-- Source material follows --

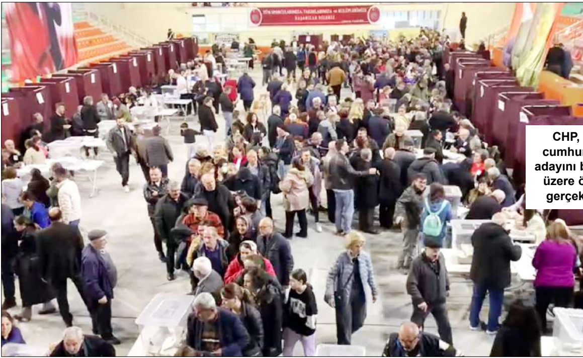
CHP, 81 ilde cumhurbaşkanı adayını belirlemek üzere ön seçim gerçekleştirdi.

Oy kullanma işlemleri gece geç saatlere kadar devam etti. (Çağrı Uzun)
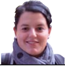
Aiora Elizburu Aitxitxa eta Amama

Zutabe honetan azkenengoz Zidatzi nuenean, nire amari eta orokorrean ama guztiei omenalditxo bat egin nahi izan nien. Denbora nahikotxo pasada ordutik eta jada ni ere amatxo bihurtu naiz. Tik-tak tik-tak zelako azkar doan denbora! Eta orain ama naizela, goizero kalean nabilela, egunero ikusten ditut aiton-amonak bilobak zaintzen, eurekin paseotxo ematen... Gurasoak lanean daudelako edo eresketa batzuk egiten gaudelako edo etxea jasotzeko denbora behar dugulako beti laguntzeko prest agertzen direnak. Umeak ikastolara eramanez, gaixo daudenean sendagilearengana lagunduz... Edozein egunetan, edozein ordutan hor daude, okindegian "flauta" erosten, goxokidendan "gusanitos" edo jostailudendan baloia. Beraiek haurrak baino alaiago, Jainkoari edo batek dakinori osasuna eskatzen bilobak nola hazten diren ikusteko eta beraiekin jolasteko. Azkar eta lanpetuta bizi garen garai honetan ezinbestekoak ditugu aiton amonak, seme alabak hazten eta hezten laguntzen baitigute eta askotan, hau guztia eskertzea ahazten zaigula iruditzen zait. Horregatik nire begirunea munduko aitona amona guztiei eta nire esker ona Suarren aitxitxa eta amamei.
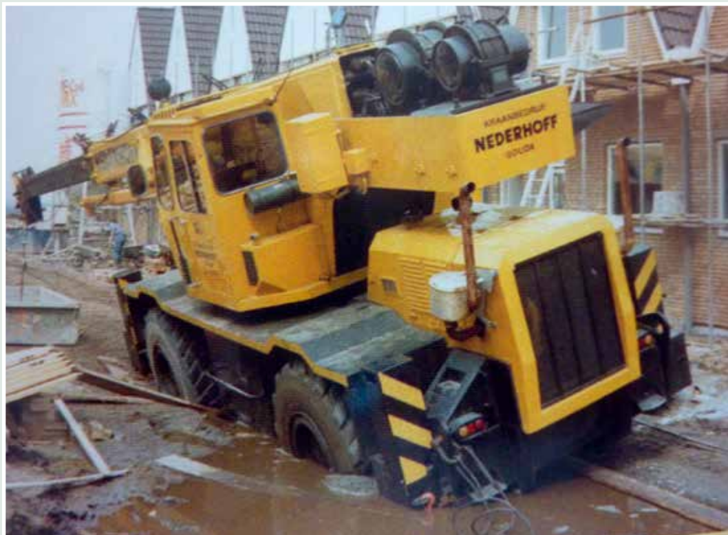
Harter Einsatz für den Rough Terrain-Kran Hyco RT 121.

Um den Wermutstropfen gleich vorwegzunehmen: dieses Buch gibt es derzeit leider nur auf Niederländisch: das 176 Seiten starke Werk von Arie Haaksman, das sich mit Geschichte und Gegenwart des niederländischen Kranbetreibers Nederhoff befasst. Dennoch kommt auch der nicht niederländisch sprechende Nederhoff-Fan auf seine Kosten, dafür sorgen die zahlreichen Abbildungen. Hierbei bietet das Buch viele historische Bilder –
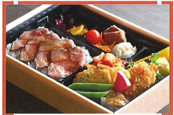
赤城牛ローストビーフBBQソース
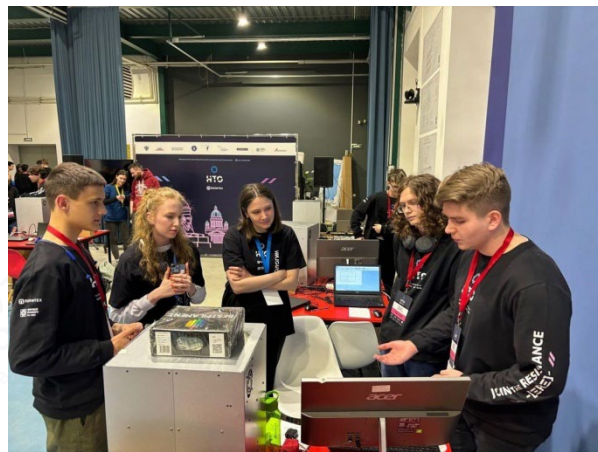
Рис. 1, 2.
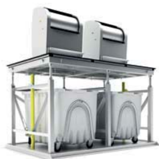
equipo en superficie, tapa cerrada

El ECOTAINER es capaz de albergar hasta 4 contenedores soterrados (800, 1100 y 1300 L) y disponerlos en la superficie para su recogida. La plataforma eleva los contenedores soterrados hasta la superficie para la recogida trasera de los vehículos de servicio.
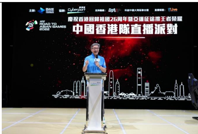
數碼港行政總裁任景信為活動致辭。

-- Source material concluded --

- **Work to complete**: Everything above from the line containing "Zutabe honetan azkenengoz" through the line containing "Harter Einsatz für" must be repeated exactly, and the pictures must be left out.

- **Final answer**:
Zutabe honetan azkenengoz Zidatzi nuenean, nire amari eta orokorrean ama guztiei omenalditxo bat egin nahi izan nien. Denbora nahikotxo pasada ordutik eta jada ni ere amatxo bihurtu naiz. Tik-tak tik-tak zelako azkar doan denbora! Eta orain ama naizela, goizero kalean nabilela, egunero ikusten ditut aiton-amonak bilobak zaintzen, eurekin paseotxo ematen... Gurasoak lanean daudelako edo eresketa batzuk egiten gaudelako edo etxea jasotzeko denbora behar dugulako beti laguntzeko prest agertzen direnak. Umeak ikastolara eramanez, gaixo daudenean sendagilearengana lagunduz... Edozein egunetan, edozein ordutan hor daude, okindegian "flauta" erosten, goxokidendan "gusanitos" edo jostailudendan baloia. Beraiek haurrak baino alaiago, Jainkoari edo batek dakinori osasuna eskatzen bilobak nola hazten diren ikusteko eta beraiekin jolasteko. Azkar eta lanpetuta bizi garen garai honetan ezinbestekoak ditugu aiton amonak, seme alabak hazten eta hezten laguntzen baitigute eta askotan, hau guztia eskertzea ahazten zaigula iruditzen zait. Horregatik nire begirunea munduko aitona amona guztiei eta nire esker ona Suarren aitxitxa eta amamei.
Harter Einsatz für den Rough Terrain-Kran Hyco RT 121.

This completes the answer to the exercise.